I anticipated that the day of the funeral would be very sad indeed. Instead, I found my faith renewed and my love expanded. It made me want to hug my kids (of course), but it also made me want to be a better person. And it made me grateful for my faith in God that helps me to see that beyond the transitory sadness of today there is purpose and promise that extends into eternity.

PW

Jet Lag and a Trip to the Zoo

Dear Will:

Last week I found out I have to fly to Korea—one of those glamorous business trips during which you spend as much time going and coming as you do working. Should be awful.

Then I found out it is worse than I thought. The only way to get there in time for the meetings is to leave mid-day on Sunday, September 5. And when I arrive it will be Monday night. Labor Day will have disappeared altogether.

Cheer up, they told me. You get that day back on the return. That’s nice in theory, of course, but the truth is that I will have lost a 3-day weekend that I’m never getting back. And on Tuesday, while I’m schmoozing Koreans in Busan, my five-year-old Seth will be attending his first day of kindergarten. There’s something else I will miss that no crossing of the dateline will ever give me back. Let’s just say I’m not happy.

Seth, to his great credit, will hardly notice. The excitement of his new adventure will surely not have worn off by the time I drag back home on Wednesday night, just in time for . . . Back to School Night at Luke’s high school. I anticipate that the teachers I meet that night will find me charming if but a bit unkempt and maybe catatonic. What is it they say about having only one chance to make a good first impression? Luke’s teachers are sure to be dazzled.

Originally we had planned to spend Labor Day at the San Diego Zoo, but instead we’re going down on the Saturday before. No big deal except it means that I will miss my beloved UCLA Bruins’ opening football game, which I will tape and now watch—what?—a week later.
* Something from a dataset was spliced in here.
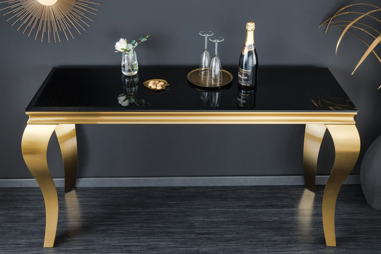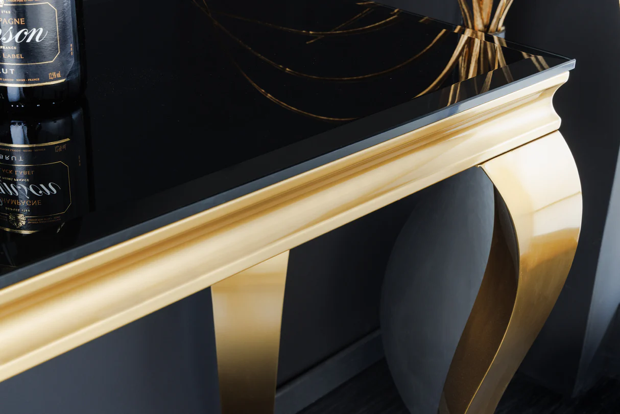 Zmyselná kombinácia odolné tvrdené opálové sklo v čiernom prevedení a hladkö zlaté línie oceľového rámu vytvára výrazný a luxusný akcent pre predsiene, obývačky alebo elegantné priestory. Typické barokové tvary nôh sú reinterpretované modernejšie, so zmyslom pre detail a nadčasovosť.

Or probably not at all.

What a rough life I lead.

In contrast, my wife just had her third knee surgery last week. Afterward, the doctor informed her that her cartilage is so badly deteriorated that within a few years she will likely have to have knee replacement surgery. Elsewhere, a dear friend is facing a tragic divorce (is there any other kind?) after nearly 30 years of marriage. And another good friend has seen everything he has lived and worked for taken away from him after a series of bad choices and horrible decisions. His life is a wreck.

And here I’m complaining about jet lag and a trip to the zoo. Makes me so ashamed I’m tempted not to send this letter. But by now you probably know me well enough that my pettiness doesn’t surprise you. So . . . instead I shall take deep, cleansing breaths and try to maintain a little perspective: my kids are happily enrolled in excellent schools; my work is going so well that somebody on the other side of the world wants to pay for a couple of days of my time; and I live so close to one of the world’s great zoos that I can do it in a day trip. And besides, my Bruins are supposed to lose, so maybe I’ll be glad to have missed the game anyway. I’ll still miss that first day of kindergarten, but such is life. Right?